## Data
■ ■ ■ ■ ■ ■ ■

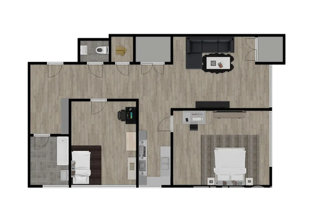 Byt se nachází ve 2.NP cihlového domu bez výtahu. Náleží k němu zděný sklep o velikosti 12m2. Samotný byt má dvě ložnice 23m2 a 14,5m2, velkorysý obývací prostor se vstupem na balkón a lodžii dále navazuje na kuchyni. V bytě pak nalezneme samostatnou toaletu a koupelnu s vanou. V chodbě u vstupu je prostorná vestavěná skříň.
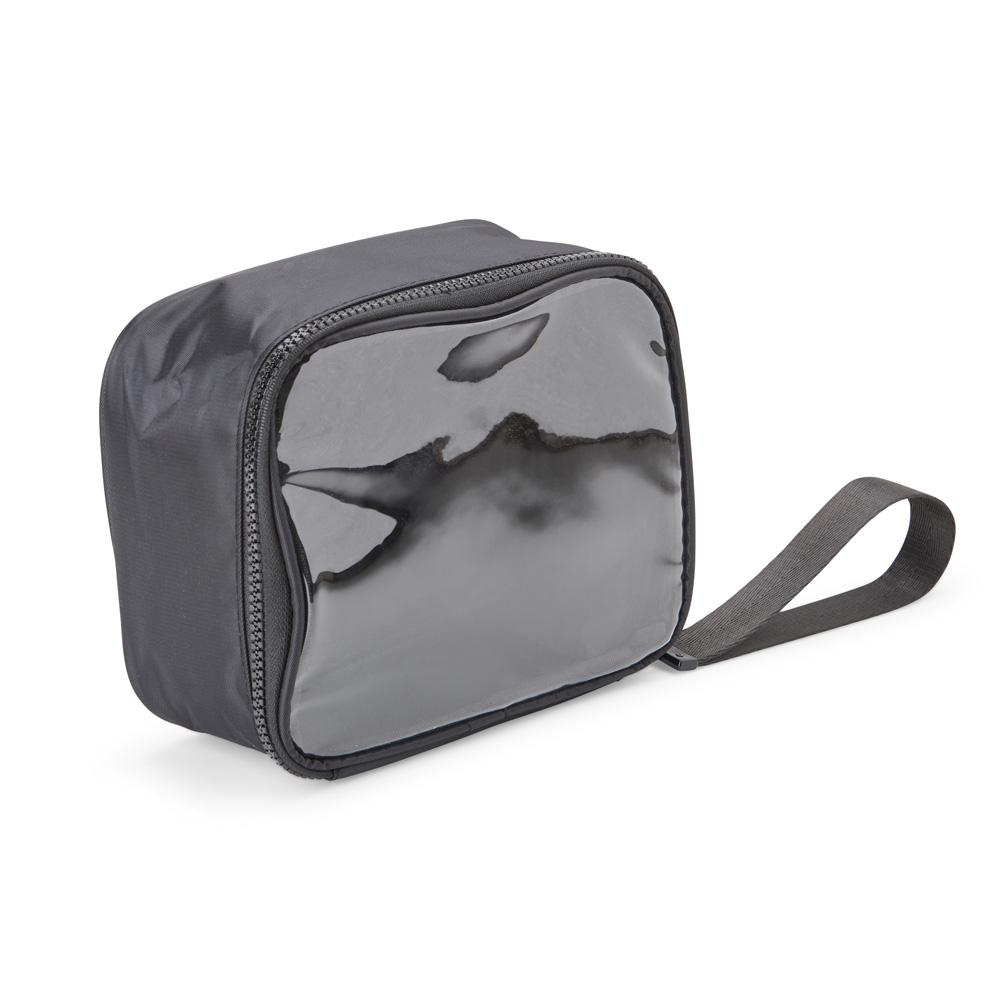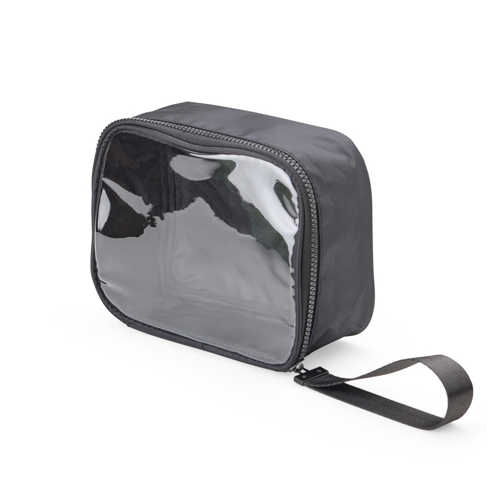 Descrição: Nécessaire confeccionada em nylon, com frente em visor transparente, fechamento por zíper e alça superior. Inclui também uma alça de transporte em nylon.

■ ■ ■ ■ ■ ■ ■

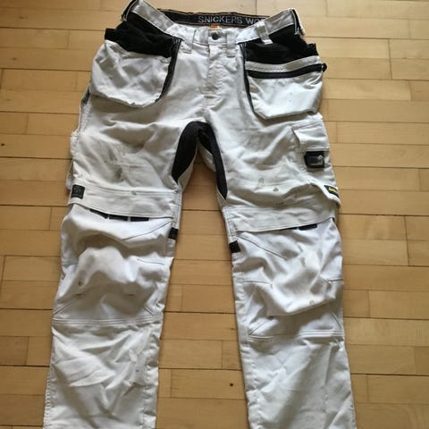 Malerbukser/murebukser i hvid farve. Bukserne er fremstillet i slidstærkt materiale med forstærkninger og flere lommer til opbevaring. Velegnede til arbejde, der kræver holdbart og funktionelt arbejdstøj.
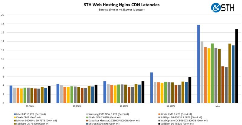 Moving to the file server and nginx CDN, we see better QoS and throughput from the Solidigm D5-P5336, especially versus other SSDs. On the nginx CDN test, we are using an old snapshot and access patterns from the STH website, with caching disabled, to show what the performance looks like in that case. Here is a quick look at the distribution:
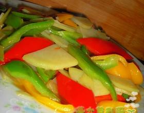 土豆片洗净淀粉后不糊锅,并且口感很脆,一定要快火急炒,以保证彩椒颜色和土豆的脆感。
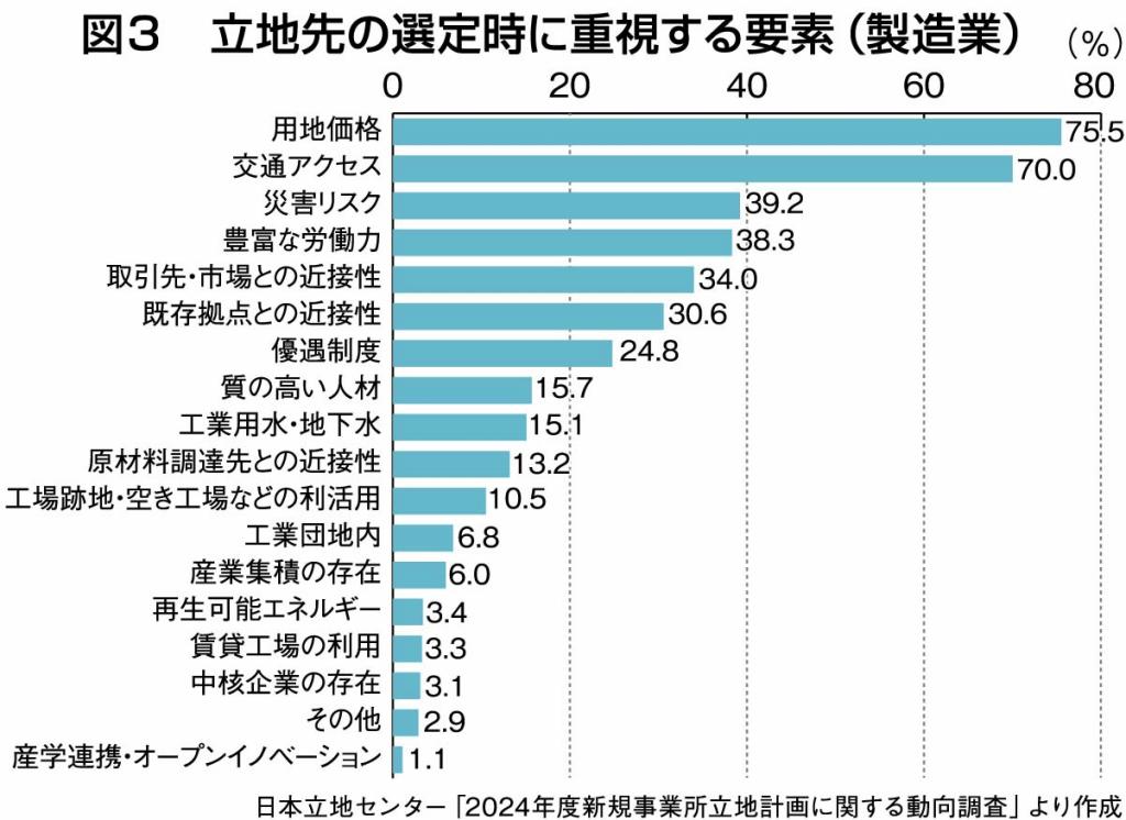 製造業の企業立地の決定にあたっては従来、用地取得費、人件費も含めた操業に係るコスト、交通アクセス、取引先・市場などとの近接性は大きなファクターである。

■ ■ ■ ■ ■ ■ ■

## What you have to do
Only one stretch of the listing is wanted: the lines starting at the one with "Byt se nachází" and ending at the one with "Descrição: Nécessaire confeccionada", copied exactly and free of pictures.

## Exercise response
 Byt se nachází ve 2.NP cihlového domu bez výtahu. Náleží k němu zděný sklep o velikosti 12m2. Samotný byt má dvě ložnice 23m2 a 14,5m2, velkorysý obývací prostor se vstupem na balkón a lodžii dále navazuje na kuchyni. V bytě pak nalezneme samostatnou toaletu a koupelnu s vanou. V chodbě u vstupu je prostorná vestavěná skříň.
 Descrição: Nécessaire confeccionada em nylon, com frente em visor transparente, fechamento por zíper e alça superior. Inclui também uma alça de transporte em nylon.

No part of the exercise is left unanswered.